__Task to complete__:
Leaving the pictures aside, transcribe the data below exactly.

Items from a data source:

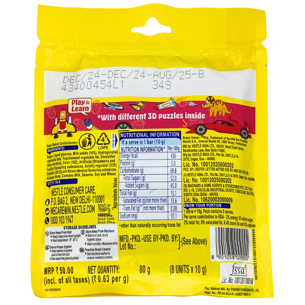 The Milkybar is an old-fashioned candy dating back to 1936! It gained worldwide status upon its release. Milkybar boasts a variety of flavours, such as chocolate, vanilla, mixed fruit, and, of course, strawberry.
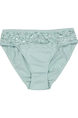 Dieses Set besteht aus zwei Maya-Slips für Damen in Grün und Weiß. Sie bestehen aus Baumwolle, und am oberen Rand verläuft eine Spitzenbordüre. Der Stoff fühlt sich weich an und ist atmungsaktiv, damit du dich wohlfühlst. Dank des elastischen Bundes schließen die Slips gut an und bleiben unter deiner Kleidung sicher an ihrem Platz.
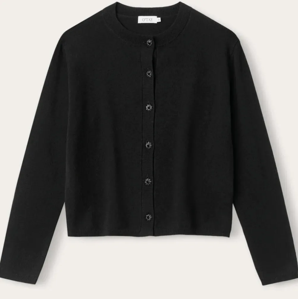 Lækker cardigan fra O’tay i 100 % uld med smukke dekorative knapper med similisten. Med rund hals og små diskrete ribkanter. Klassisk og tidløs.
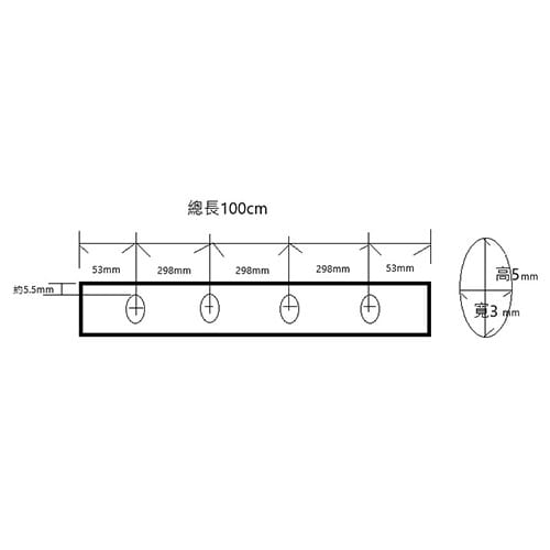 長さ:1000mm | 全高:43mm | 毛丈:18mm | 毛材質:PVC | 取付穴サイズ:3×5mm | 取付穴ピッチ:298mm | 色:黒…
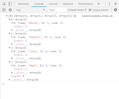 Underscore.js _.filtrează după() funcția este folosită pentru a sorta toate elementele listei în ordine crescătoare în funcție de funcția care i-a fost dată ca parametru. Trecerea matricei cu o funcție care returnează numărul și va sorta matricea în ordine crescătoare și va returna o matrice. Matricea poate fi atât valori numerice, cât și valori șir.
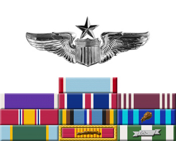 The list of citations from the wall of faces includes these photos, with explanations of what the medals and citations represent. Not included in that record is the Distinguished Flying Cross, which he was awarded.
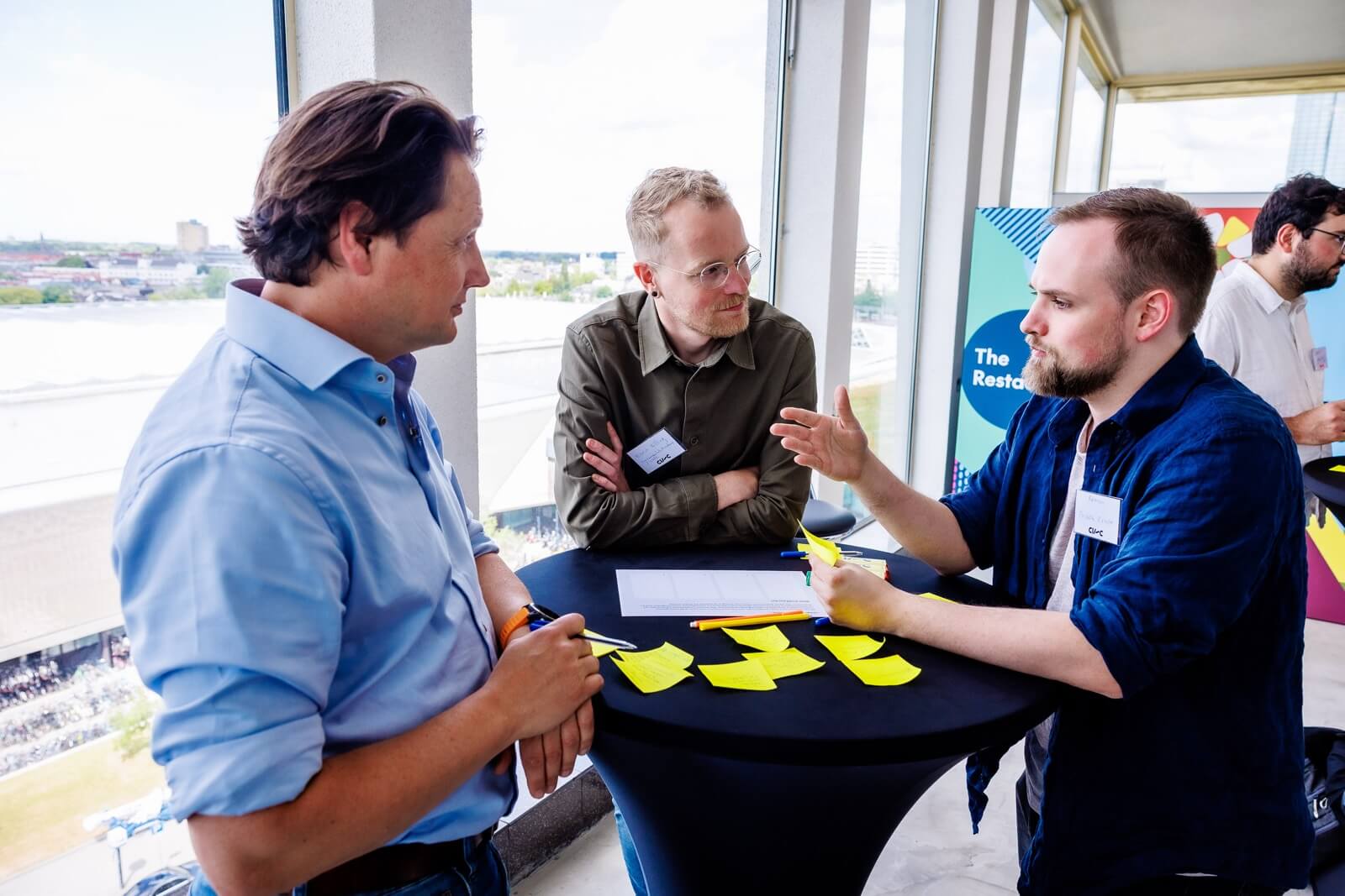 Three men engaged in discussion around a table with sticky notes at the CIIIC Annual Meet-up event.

__Result__:
 The Milkybar is an old-fashioned candy dating back to 1936! It gained worldwide status upon its release. Milkybar boasts a variety of flavours, such as chocolate, vanilla, mixed fruit, and, of course, strawberry.
 Dieses Set besteht aus zwei Maya-Slips für Damen in Grün und Weiß. Sie bestehen aus Baumwolle, und am oberen Rand verläuft eine Spitzenbordüre. Der Stoff fühlt sich weich an und ist atmungsaktiv, damit du dich wohlfühlst. Dank des elastischen Bundes schließen die Slips gut an und bleiben unter deiner Kleidung sicher an ihrem Platz.
 Lækker cardigan fra O’tay i 100 % uld med smukke dekorative knapper med similisten. Med rund hals og små diskrete ribkanter. Klassisk og tidløs.
 長さ:1000mm | 全高:43mm | 毛丈:18mm | 毛材質:PVC | 取付穴サイズ:3×5mm | 取付穴ピッチ:298mm | 色:黒…
 Underscore.js _.filtrează după() funcția este folosită pentru a sorta toate elementele listei în ordine crescătoare în funcție de funcția care i-a fost dată ca parametru. Trecerea matricei cu o funcție care returnează numărul și va sorta matricea în ordine crescătoare și va returna o matrice. Matricea poate fi atât valori numerice, cât și valori șir.
 The list of citations from the wall of faces includes these photos, with explanations of what the medals and citations represent. Not included in that record is the Distinguished Flying Cross, which he was awarded.
 Three men engaged in discussion around a table with sticky notes at the CIIIC Annual Meet-up event.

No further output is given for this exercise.